Activity: Of the lines in the material below, print only those from the one containing "立体の概念をこれから学ぶのに" to the one containing "Feuer Betriebsgebäude in", ends included, exactly as written and without pictures.

Material for this exercise:
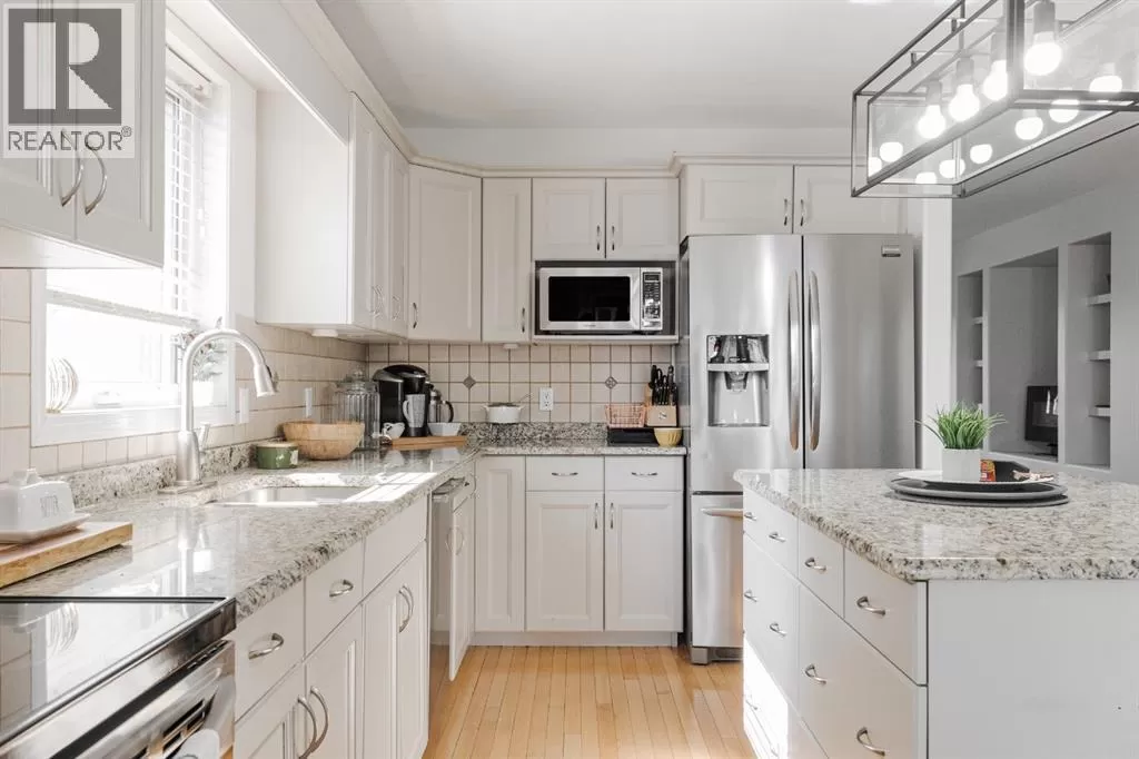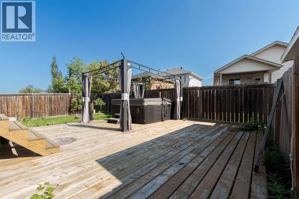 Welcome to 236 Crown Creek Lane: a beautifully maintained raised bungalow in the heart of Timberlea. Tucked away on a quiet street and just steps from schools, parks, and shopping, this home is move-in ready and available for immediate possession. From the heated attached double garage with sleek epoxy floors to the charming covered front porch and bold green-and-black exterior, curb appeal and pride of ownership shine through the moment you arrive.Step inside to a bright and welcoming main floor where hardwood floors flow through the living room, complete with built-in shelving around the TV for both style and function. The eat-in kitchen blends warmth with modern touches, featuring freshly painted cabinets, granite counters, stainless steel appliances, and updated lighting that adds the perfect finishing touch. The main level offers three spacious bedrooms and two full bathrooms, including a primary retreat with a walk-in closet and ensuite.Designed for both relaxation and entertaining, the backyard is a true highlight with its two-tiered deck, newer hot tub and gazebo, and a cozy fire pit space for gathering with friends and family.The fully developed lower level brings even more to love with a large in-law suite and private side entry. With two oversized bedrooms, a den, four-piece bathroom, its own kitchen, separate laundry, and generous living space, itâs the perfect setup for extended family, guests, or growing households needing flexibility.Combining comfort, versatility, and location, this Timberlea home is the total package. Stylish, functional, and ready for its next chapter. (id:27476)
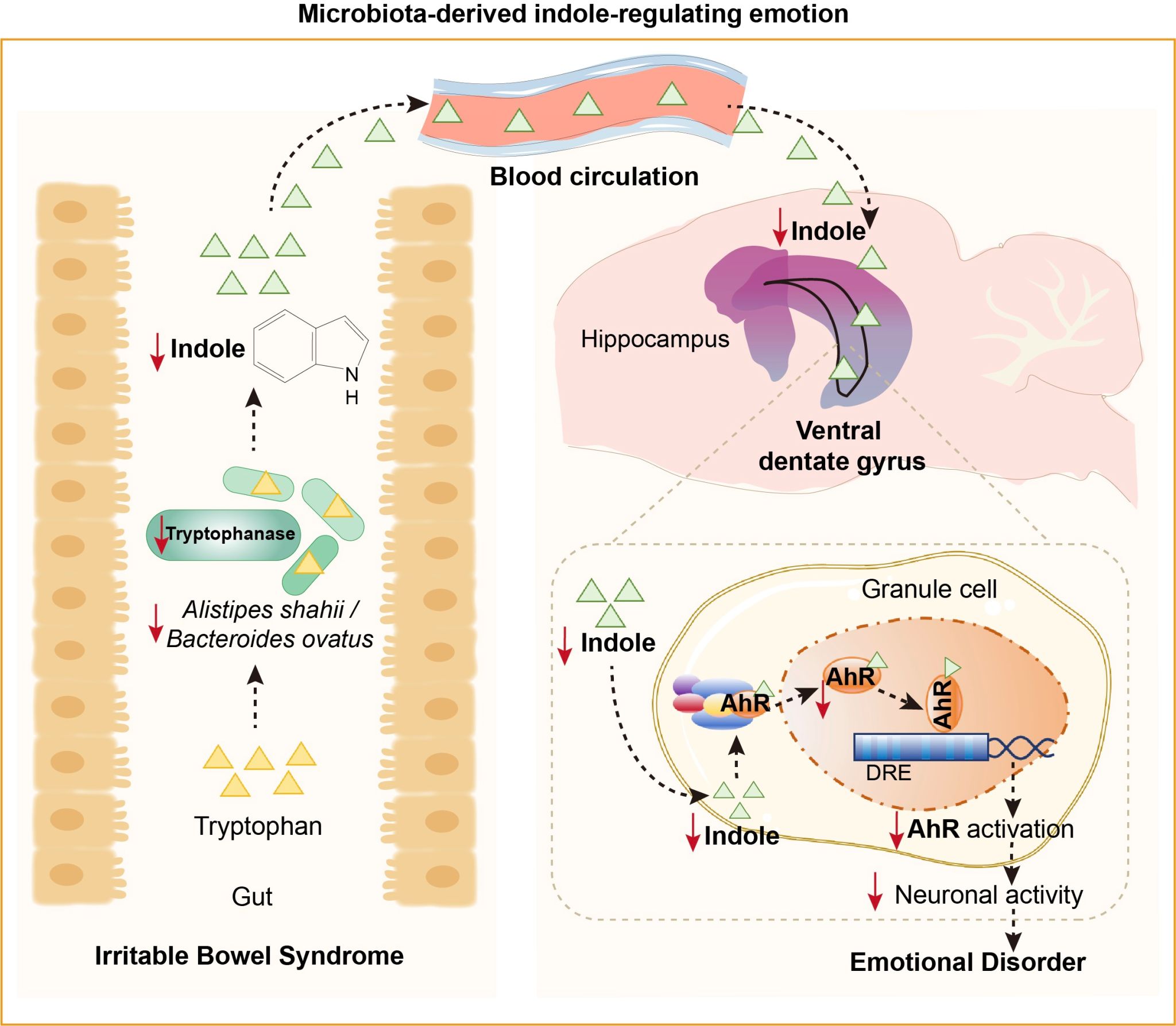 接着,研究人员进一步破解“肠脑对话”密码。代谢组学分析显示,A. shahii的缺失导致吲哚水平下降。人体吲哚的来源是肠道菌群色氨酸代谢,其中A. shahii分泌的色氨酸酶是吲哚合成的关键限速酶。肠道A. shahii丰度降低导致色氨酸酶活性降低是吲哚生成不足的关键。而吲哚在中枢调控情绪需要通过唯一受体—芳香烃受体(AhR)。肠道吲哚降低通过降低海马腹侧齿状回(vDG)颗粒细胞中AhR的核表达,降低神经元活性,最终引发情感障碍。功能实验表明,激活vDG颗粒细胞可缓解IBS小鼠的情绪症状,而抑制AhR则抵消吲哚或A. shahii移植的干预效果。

--

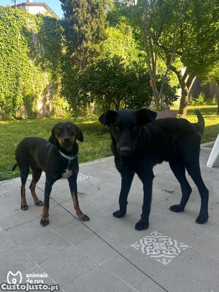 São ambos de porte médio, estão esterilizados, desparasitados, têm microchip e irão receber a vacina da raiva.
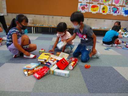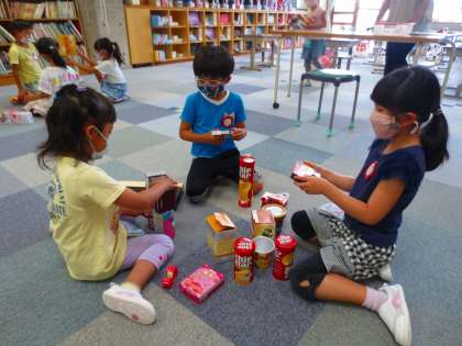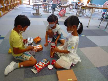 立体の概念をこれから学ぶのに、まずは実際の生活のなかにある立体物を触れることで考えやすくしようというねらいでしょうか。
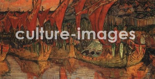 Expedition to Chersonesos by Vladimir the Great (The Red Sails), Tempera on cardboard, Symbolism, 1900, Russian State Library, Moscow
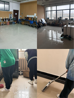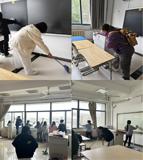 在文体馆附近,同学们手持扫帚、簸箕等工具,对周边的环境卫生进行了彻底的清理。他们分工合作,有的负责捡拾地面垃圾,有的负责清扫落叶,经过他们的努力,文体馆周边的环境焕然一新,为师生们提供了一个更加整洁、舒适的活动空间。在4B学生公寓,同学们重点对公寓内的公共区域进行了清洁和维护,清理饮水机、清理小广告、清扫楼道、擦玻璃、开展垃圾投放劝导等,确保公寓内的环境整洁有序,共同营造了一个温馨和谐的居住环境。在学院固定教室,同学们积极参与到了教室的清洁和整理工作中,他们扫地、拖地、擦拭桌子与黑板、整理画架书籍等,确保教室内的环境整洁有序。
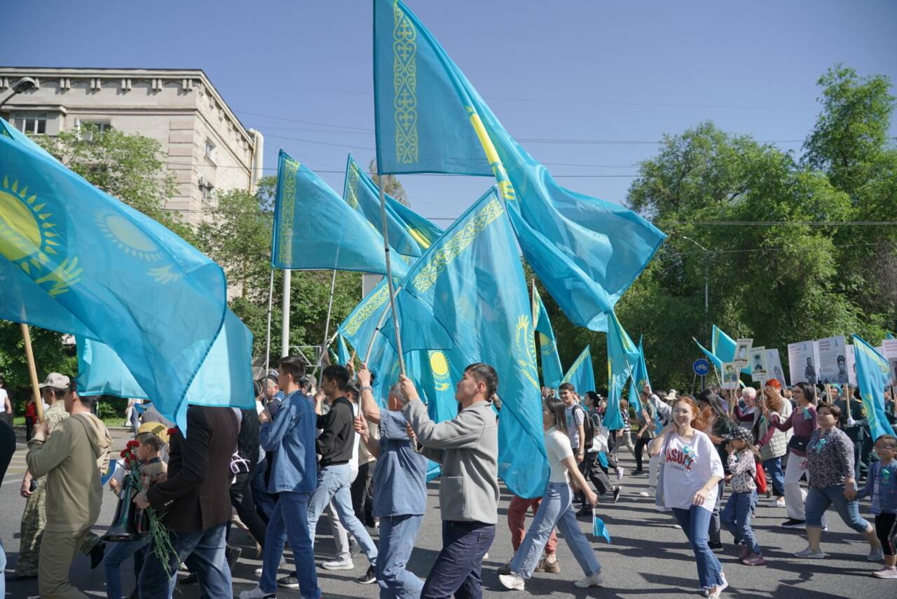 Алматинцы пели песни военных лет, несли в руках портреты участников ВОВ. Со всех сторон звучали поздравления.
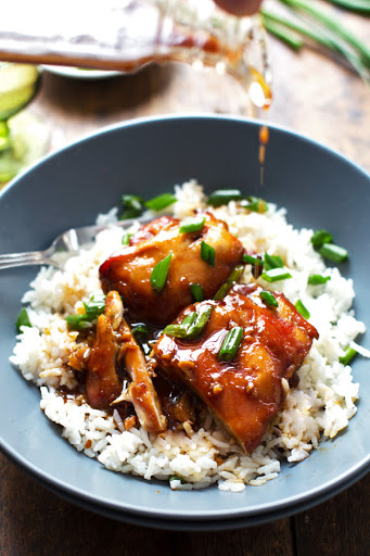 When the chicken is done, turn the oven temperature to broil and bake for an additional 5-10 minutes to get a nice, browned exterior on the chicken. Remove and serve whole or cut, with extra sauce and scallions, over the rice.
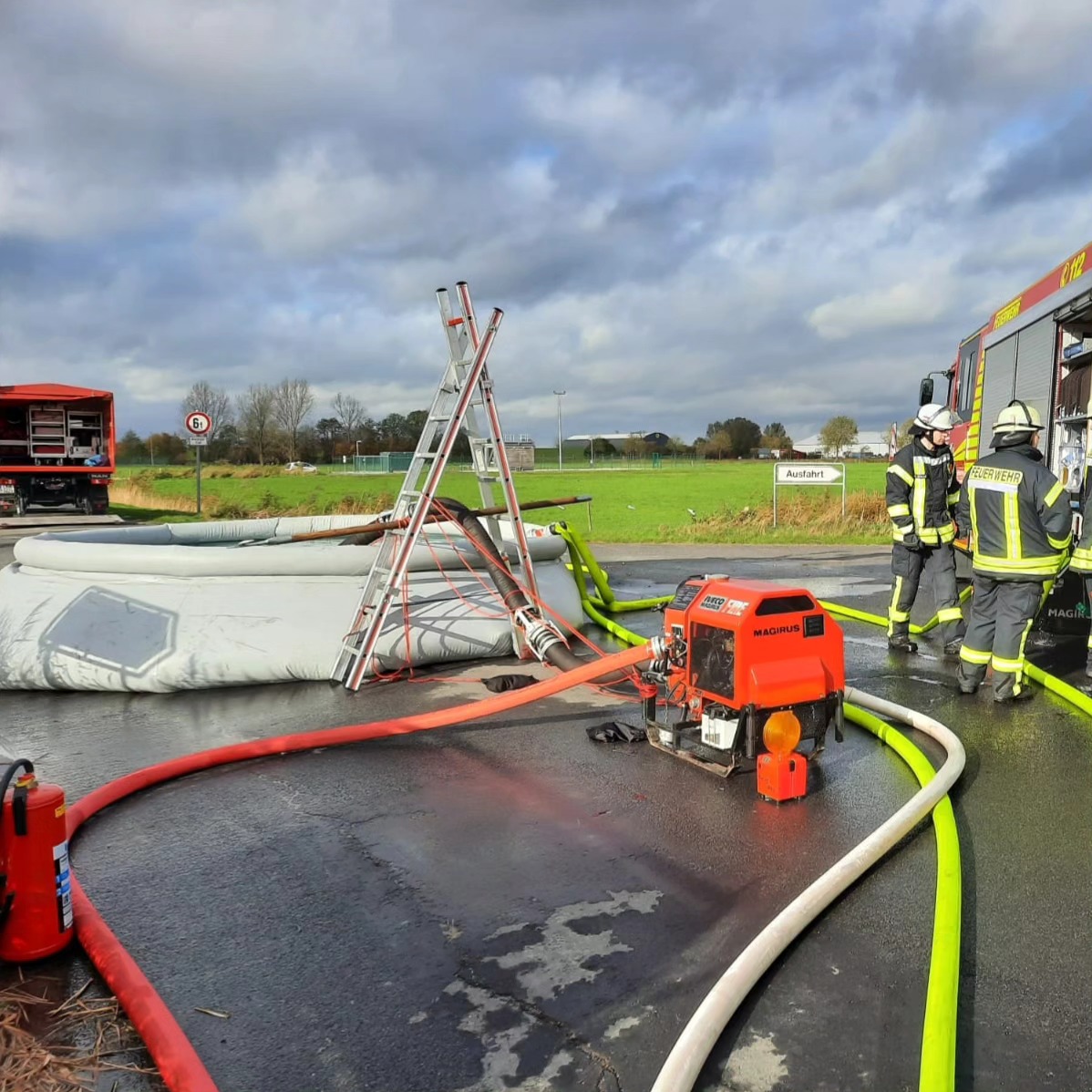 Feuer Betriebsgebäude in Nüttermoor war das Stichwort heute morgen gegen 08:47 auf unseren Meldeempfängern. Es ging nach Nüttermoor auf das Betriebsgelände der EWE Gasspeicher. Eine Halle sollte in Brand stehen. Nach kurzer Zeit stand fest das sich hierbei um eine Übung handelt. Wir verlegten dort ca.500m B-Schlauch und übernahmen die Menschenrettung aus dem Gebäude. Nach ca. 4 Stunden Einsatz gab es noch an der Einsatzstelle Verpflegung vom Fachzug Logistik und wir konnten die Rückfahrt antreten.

Exercise answer:
 立体の概念をこれから学ぶのに、まずは実際の生活のなかにある立体物を触れることで考えやすくしようというねらいでしょうか。
 Expedition to Chersonesos by Vladimir the Great (The Red Sails), Tempera on cardboard, Symbolism, 1900, Russian State Library, Moscow
 在文体馆附近,同学们手持扫帚、簸箕等工具,对周边的环境卫生进行了彻底的清理。他们分工合作,有的负责捡拾地面垃圾,有的负责清扫落叶,经过他们的努力,文体馆周边的环境焕然一新,为师生们提供了一个更加整洁、舒适的活动空间。在4B学生公寓,同学们重点对公寓内的公共区域进行了清洁和维护,清理饮水机、清理小广告、清扫楼道、擦玻璃、开展垃圾投放劝导等,确保公寓内的环境整洁有序,共同营造了一个温馨和谐的居住环境。在学院固定教室,同学们积极参与到了教室的清洁和整理工作中,他们扫地、拖地、擦拭桌子与黑板、整理画架书籍等,确保教室内的环境整洁有序。
 Алматинцы пели песни военных лет, несли в руках портреты участников ВОВ. Со всех сторон звучали поздравления.
 When the chicken is done, turn the oven temperature to broil and bake for an additional 5-10 minutes to get a nice, browned exterior on the chicken. Remove and serve whole or cut, with extra sauce and scallions, over the rice.
 Feuer Betriebsgebäude in Nüttermoor war das Stichwort heute morgen gegen 08:47 auf unseren Meldeempfängern. Es ging nach Nüttermoor auf das Betriebsgelände der EWE Gasspeicher. Eine Halle sollte in Brand stehen. Nach kurzer Zeit stand fest das sich hierbei um eine Übung handelt. Wir verlegten dort ca.500m B-Schlauch und übernahmen die Menschenrettung aus dem Gebäude. Nach ca. 4 Stunden Einsatz gab es noch an der Einsatzstelle Verpflegung vom Fachzug Logistik und wir konnten die Rückfahrt antreten.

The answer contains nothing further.